**PROBLEM REQUIREMENTS**
Starting at the top of the records below and ending with the line that contains "OPEC. Объемы нефтедобычи", print each line exactly as written, skipping the pictures.

§

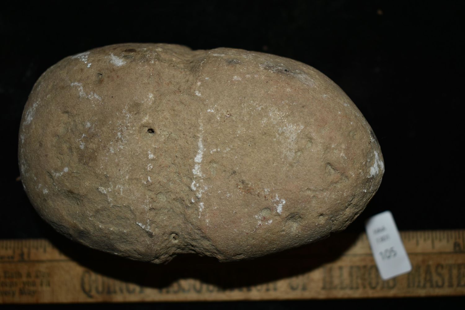 4 3/4" Grooved Hammerstone, Musselshell, MT, Creel Poore was born and raised in Musselshell, Montana where he found his first arrowhead at a very early age. This led Creel on a lifetime search for Montana’s prehistoric past. Creel owned a ranch in Musselshell and collected from sites and in and around the Musselshell River and tributaries. Every piece in Creel’s collection is personally found. He did not purchase pieces, nor did he accept pieces as gifts. He took pride in the fact he found every piece. He also made the cedar frames from cedar trees that were cut on his ranch. Many of the pieces were collected from the buffalo jumps which were plentiful nearby
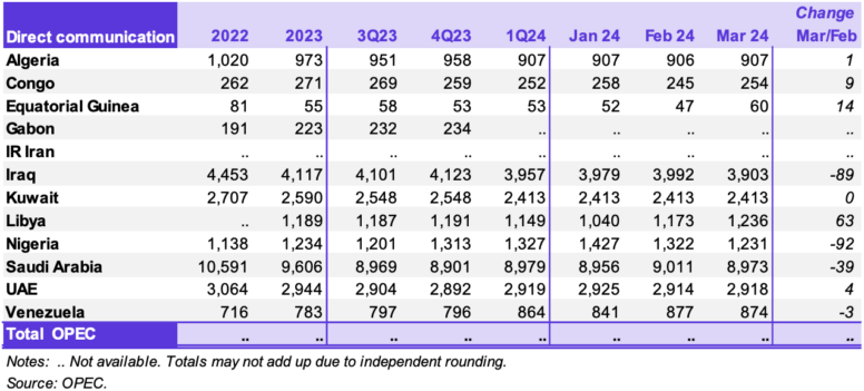 OPEC. Объемы нефтедобычи по странам от 11 апреля 2024
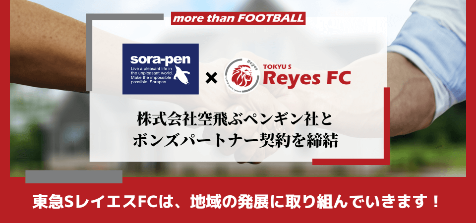 様々なメディアにも取り上げられ、偏見にとらわれず自由な発想で新しいものを創り出し、より多くの驚きや喜びを与えたいという想いで様々なイベントや企画、商品を開発されている空飛ぶペンギン社様とパートナーを組めることは、今よりもそれよりもというmore thanの世界観を作っていきたいという東急SレイエスFCの想いとも一致し、大変嬉しく思います。
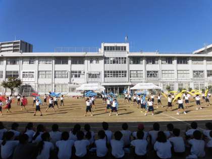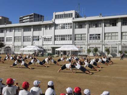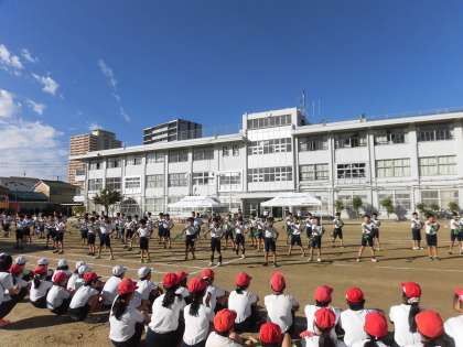運動会を明日に控え、今日は全学年が互いに演技を見合いました。運動会当日は保護者観覧席を正面に演技をするので、児童席からは横や後ろから見ることになるので、今日は真正面から見て、互いに大きな拍手を送り合いました。
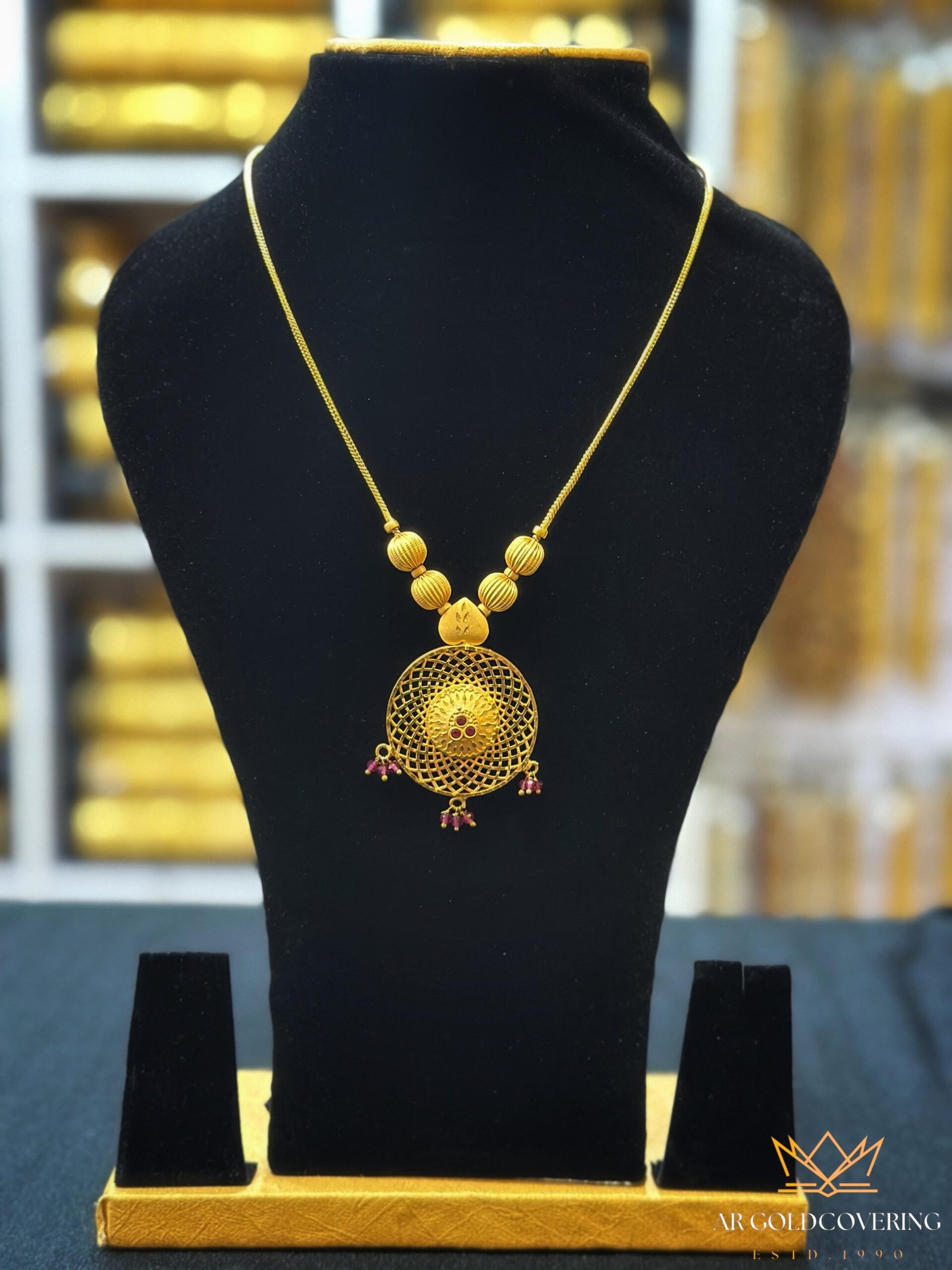 Gold plated 18inches simple necklace with Ruby stones and crystal beads(0008)
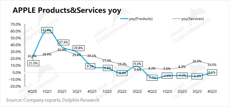3、iPhone 以外其他硬件:基本符合预期。iPad和可穿戴等其他硬件业务,本季度均有两位数的同比下滑,是公司本季度最大的拖累项。终端需求不足,直接影响了硬件端的表现。
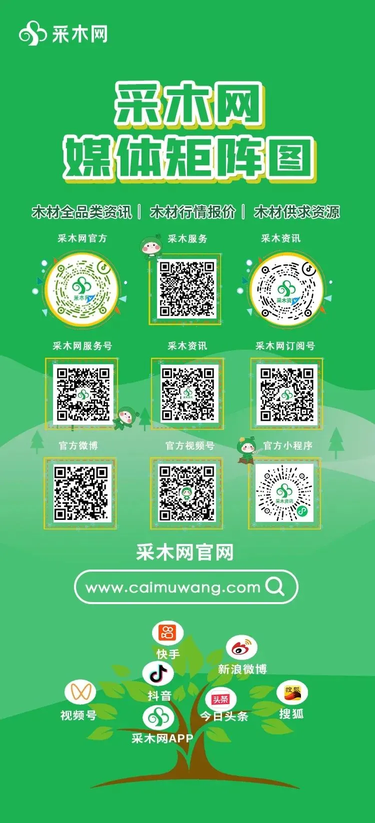 关注我木材全产业链综合智能服务平台,专注提供更新更全国内外木材资讯、木材行情分析。买木材卖木材,就上采木网,微信搜索“采木资讯”小程序,全国木材行业采购订单售卖信息一触即达!
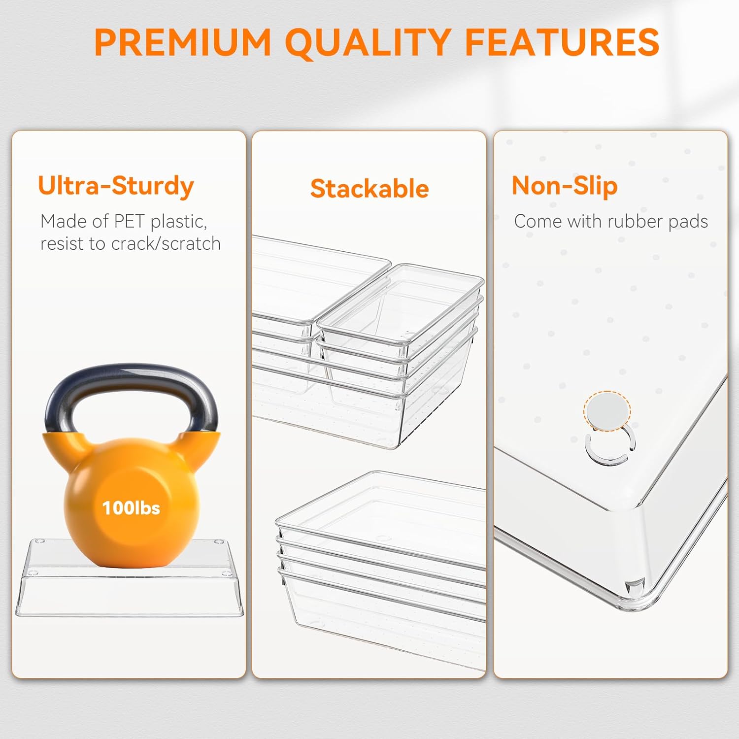 • 【FOOD-GRADE QUALITY】Crafted from premium PET plastic, our desk drawer organizers are twice as sturdy as other fragile ones, and resistant to cracks and scratches. No smells, and safe as food storage, refrigerator pantry organizer and storage. (If quality fails, we'll provide you with a new complete set.)

§

**ANSWER BOX**
 4 3/4" Grooved Hammerstone, Musselshell, MT, Creel Poore was born and raised in Musselshell, Montana where he found his first arrowhead at a very early age. This led Creel on a lifetime search for Montana’s prehistoric past. Creel owned a ranch in Musselshell and collected from sites and in and around the Musselshell River and tributaries. Every piece in Creel’s collection is personally found. He did not purchase pieces, nor did he accept pieces as gifts. He took pride in the fact he found every piece. He also made the cedar frames from cedar trees that were cut on his ranch. Many of the pieces were collected from the buffalo jumps which were plentiful nearby
 OPEC. Объемы нефтедобычи по странам от 11 апреля 2024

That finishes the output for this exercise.